Так фабрикуют историю
Еще несколько дней тянутся нити, стучат ключами телеграфы, согласовываются витиеватым языком тайных дипломатических нот… Обрываются, пропадают в лабиринте улиц Парижа, у подъездов дипломатических миссий, снова петлями ведут к стильному в завитушках барокко особняку на Елисейских полях.
В кабинете, окна которого завешены густыми шторами и охраняются тройным нарядом полиции, появляются вновь знакомые лица представителя промышленности и генерала-корниловца. Кроме них, в кабинете еще двое. Правильнее именно с этих и начинать описание, ибо они сидят в центре за столом, а генерал и промышленник робко лепятся с краю на стульях.
Один за столом, низенький, упитанный, с кругленьким брюшком, румяными щечками и тщательно зализанными остатками седых волос.
Другой, в кресле напротив, сухой, жилистый, стриженый бобриком, с фигурой, вытянутой военными парадами.
У старика за столом на шелковом лацкане — алая ленточка Почетного легиона. У другого через всю грудь букет цветных нашивок, тщательно подшитый и имеющий, очевидно для понимающих, большую ценность.
В комнате молчание, пауза после только что конченного серьезного разговора.
Маятник старинных часов отбивает не менее 120 ударов, когда старик за столом первый прерывает молчание.
— Итак, ваше мнение, генерал.
Стриженый поднимает голову. Отвечает медленно, обдумывая каждое слово.
— Я взвесил все, господин министр. Вопрос этот давно принципиально решен нашими правительствами и будущим правительством России. Нам только поручено обсудить здесь те детали, которые облегчат возможность беспрепятственно осуществить возложенные на нас цивилизацией задачи.
Пухлые щеки того, кого называют министром, круглятся улыбкой.
— Будьте уверены, генерал.

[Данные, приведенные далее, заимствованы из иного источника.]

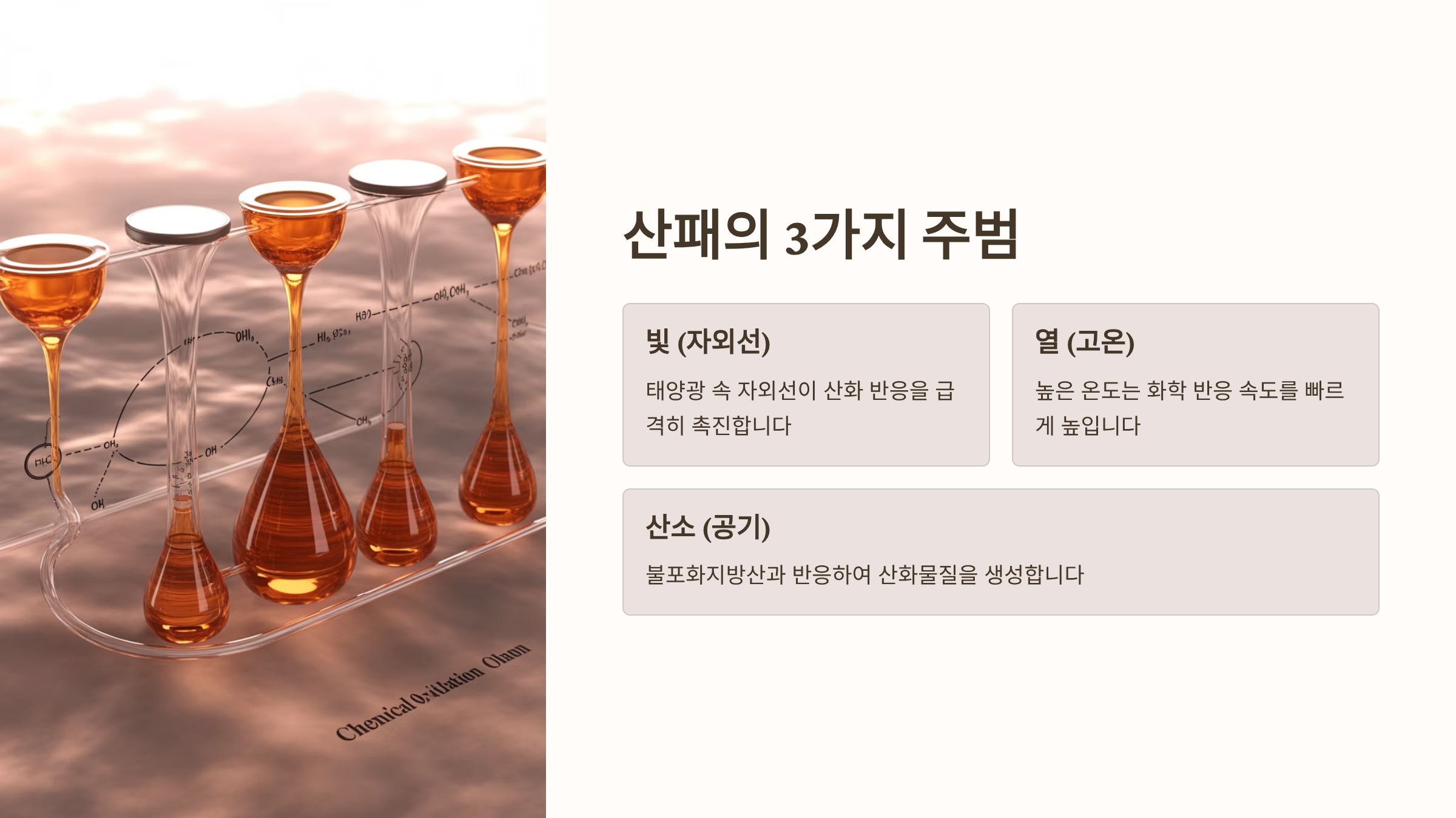 참기름 보관법을 이해하기 위해서는 참기름이 왜 산패되는지 그 원인을 아는 것이 중요합니다. 산패는 화학적 변화로, 참기름의 맛과 건강에 치명적인 영향을 미칩니다.

Европа всегда видела в Польше передовой форпост культуры против дикого варварства азиатского коммунизма. Правительство Франции поэтому всегда, всеми мерами поддерживало начинания Польши, способствовавшие проведению этой задачи на Востоке. Не стану вам перечислять всего, что дала Франция, но только для требуемого нам дела мы передали вам… — старик искоса взглядывает на бумажку, лежащую под рукой, — … передали вам сорок тяжелых аэропланов, двенадцать легких дирижаблей, шесть линейных цеппелинов и свыше 120 мелких летательных единиц. Так что ваши опасения, что с этими силами вы не сможете неожиданным ударом поразить коммунизм и освободить от большевистского ига братские вам народы, совершенно напрасны.
Старик в кресле поднимает голову.
— Вы не станете отрицать, что дело очень трудное, господин министр.

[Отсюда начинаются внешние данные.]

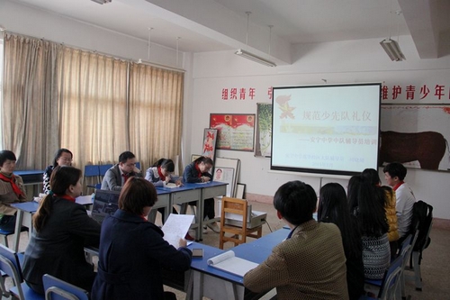 为深入学习宣传贯彻党的十八大和十八届三中、四中全会精神,落实全国少工委六届六次全会部署和安宁市教育局、市少工委中心工作,围绕少先队组织根本任务,培养辅导员职业精神,提高辅导员职业能力,安宁中学于2015年3月26日组织了少先队中队辅导员培训。安宁中学嵩华校区大队辅导员周晓娅老师担任主讲,七年级(校本部)10位中队辅导员参加了培训。
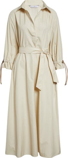 This oversized shirtdress is cut with smooth raglan sleeves from crisp cotton poplin and designed with a relaxed open half placket for an air of ease. The abbreviated sleeves are detailed with metal-tipped leather drawcords, while a wide belt cinches the waist to finish off the sophisticated look.
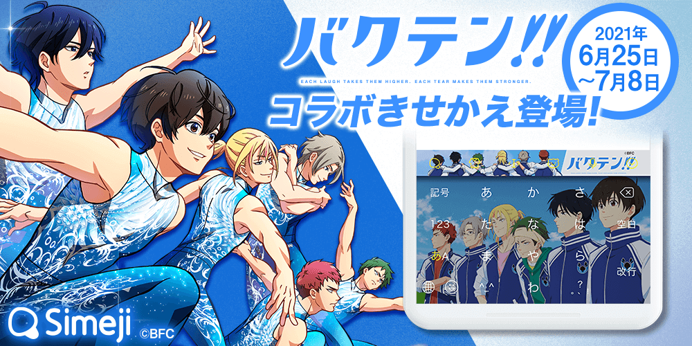 バイドゥ株式会社(本社:東京都港区、代表取締役社長:Charles Zhang)が提供する日本語入力&きせかえ顔文字キーボードアプリ「Simeji」(iOS、Android版)は、TVアニメ「バクテン!!」との期間限定コラボを本日から2021年7月8日(木)まで開催します。

— Дело очень трудное, господин министр…
Поэтому нам бы хотелось иметь определенные подтверждения того, что Франция согласна поддерживать справедливые требования Польши о восстановлении границ 1772 г.
— Правительство Франции всегда до сего времени было согласно поддерживать эти требования.
Щетинистая голова удивленно вскидывается вверх:
— А теперь?
Губы министра приятно улыбаются.
— Теперь, после тех услуг, которые Польша окажет миру в борьбе с большевизмом, правительства Европы и России, — старик делает жест рукой в сторону генерала и промышленника, которые молча склоняют головы, — с полным удовлетворением санкционируют законное желание жителей правобережной Украины слиться с единым по крови народом Польши.
— Вы сказали, правительства Европы? — с чуть заметным волнением переспрашивает поляк.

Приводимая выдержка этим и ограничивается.